What You Should Know About the Down Syndrome Video: '50 Mums | 50 Kids | 1 Extra Chromosome'
It all started with a group of proud parents who have been told across the media that children like theirs would be better off “screened out.”
A mum of a 4-year-old who has Down syndrome saw a “Singing Hands” carpool karaoke video signed with Makaton, a simplified form of British Sign Language, and thought how amazing it would be to replicate the idea with other mums and their young children who also have an extra chromosome.
The song in question is the multiplatinum soundtrack to the “Twilight” films: “A Thousand Years,” by Christina Perri. The mums are all part of a Facebook group known as “Designer Genes,” created for parents who have a child with Down syndrome born in 2013/14.
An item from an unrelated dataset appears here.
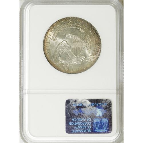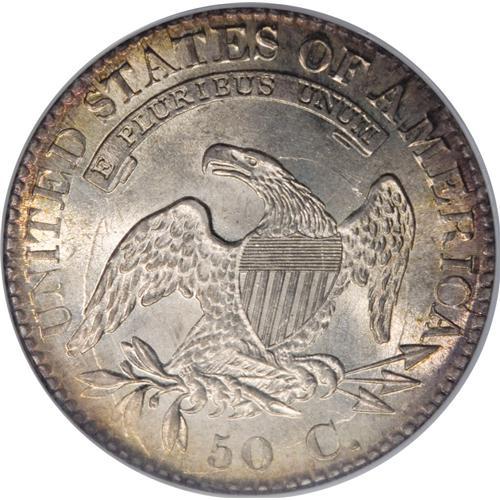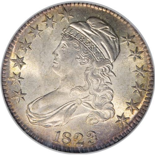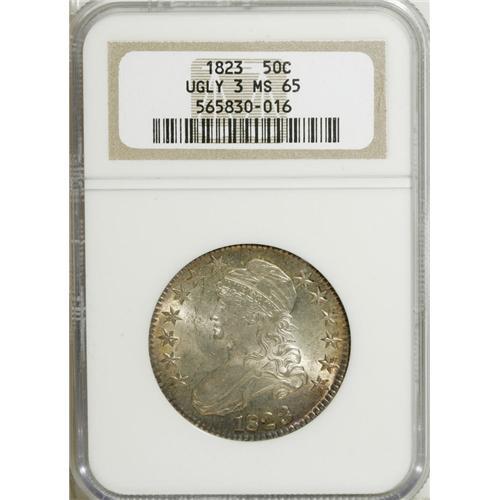 <B>1823 50C Ugly 3 MS65 NGC.</B></I> O-110a, R.3. Called the "Ugly 3 variety" because of the mint repair on the middle of the 3 in the date. A reverse die crack runs through the olive leaves, enters the lower part of the eagle's right (left facing) wing, and exits above before fading out. A second crack runs down from the eagle's left wing through the arrowheads and 50 C before it terminates at the rim. This Gem example displays bright luster and delicate lavender and gold-tan peripheral toning. Well centered design elements are crisply impressed, save for the star centers at the upper left border. A couple of minor obverse handling marks do not distract. Overall, a very pleasing Capped Bust half dollar.<BR><BR><b>Shipping:</b> Coins & Currency (<a target="_blank" href="http://www.heritageauctions.com/common/shipping.php">view shipping information</a>)

The “Singing Hands” videos have helped many in the group learn Makaton for supporting their children’s communication development. Makaton is designed to help hearing people with learning or communication difficulties using signs and symbols alongside speech.
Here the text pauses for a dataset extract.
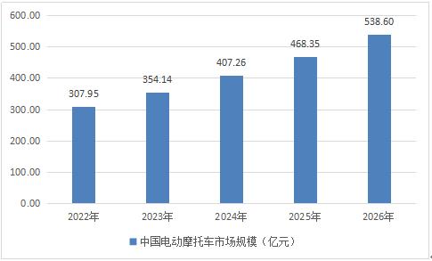 圖表:2022-2026年電動摩托車行業市場規模(億元)

Thoughts became a reality, and before long, over 50 mums had filmed themselves in their cars and uploaded their videos. When a dad in the group pulled all those clips together, the result was astonishing: a guaranteed positive tear-jerker that visualized every conceivable message about disability, diversity and inclusion without having to say a word.
Within 24 hours of the first draft being posted in secret (and behind a password) it already had 1,500 views and the group knew they had a potential hit for the upcoming World Down’s Syndrome Day — an annual worldwide campaign on the 21st March, sharing positive messages and dispelling myths about the condition.
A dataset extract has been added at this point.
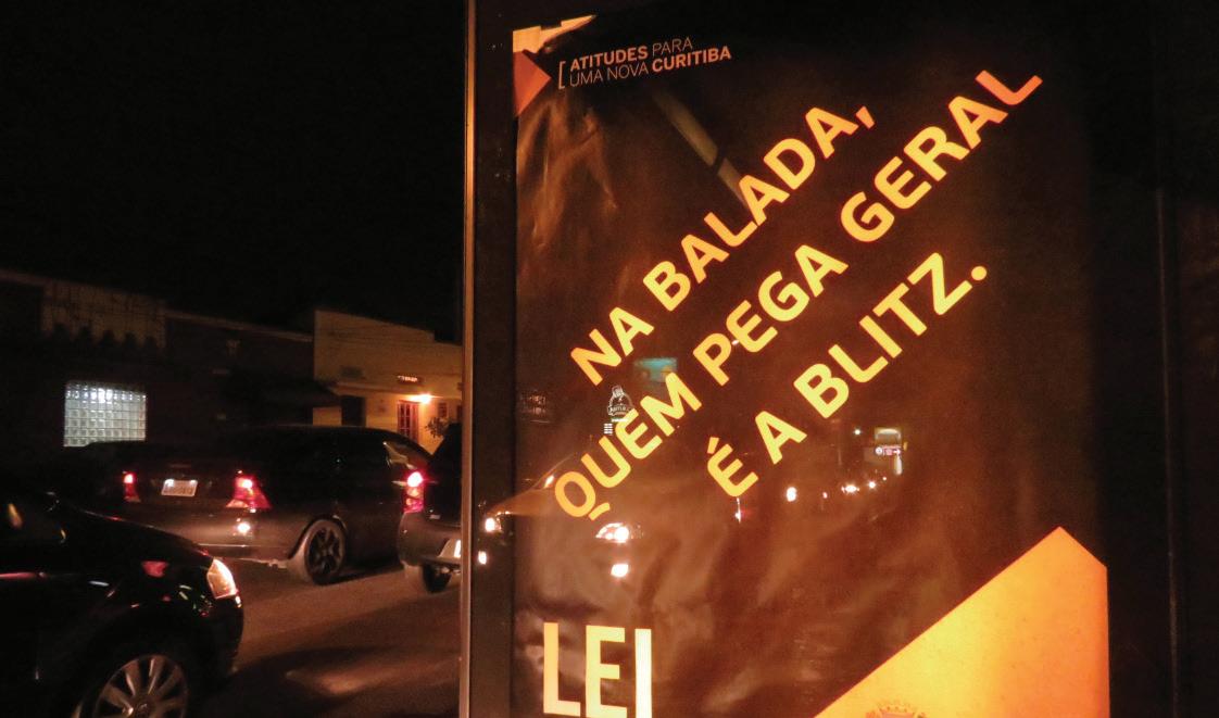 Em Curitiba, em qualquer dia da semana, ao menos três blitze são responsáveis pela fiscal ização da nova regulamentação da Lei Seca. Lançada do dia 14 de junho, a campanha “Lei Seca – Vai Pegar” é destinada à realização de ações de conscientização sobre os perigos de dirigir sob efeito de álcool, assim como a in speção mais rigorosa destas infrações. A inicia tiva instaurou a obrigação de três blitze diárias em todas as regiões de Curitiba, além de blitze educativas, como anúncios em internet, mobil iário urbano e ônibus. A ação é permanente.

In an attempt to avoid copyright issues, the group contacted the original artist, Christina Perri, via her husband, Paul Costabile, on Twitter. Within an hour, the LA based couple were declaring their heartfelt support for the idea, committing their multi-million social media following and waiving any copyright claim to the music in support of the campaign.
In a bizarre twist of fate and serendipity, the artist’s husband, Paul Costabile, went on to declare he is a life-long advocate of children with disabilities, in particular Down syndrome, and had in fact produced the iconic film, “More Alike Than Different,” with his sister for World Down Syndrome Day in 2015. He also indicated he is involved in an event in New York this year for kids with Down syndrome to coincide with World Down Syndrome Day 2018.
Becky Carless, mother to 4-year-old Archie said, “We believe this video really does have the potential to be the most viewed across the world on World Down Syndrome Day this year, so we urge everyone to share share share to help us make it a success!”
The video, called “50 Mums|50 Kids|1 Extra Chromosome,” went live to the public on Friday, March 16, in advance of this year’s World Down Syndrome Day and seeks to popularize the social media hashtag #wouldntchangeathing, because that’s exactly what 97 percent of people with Down’s Syndrome and their families report.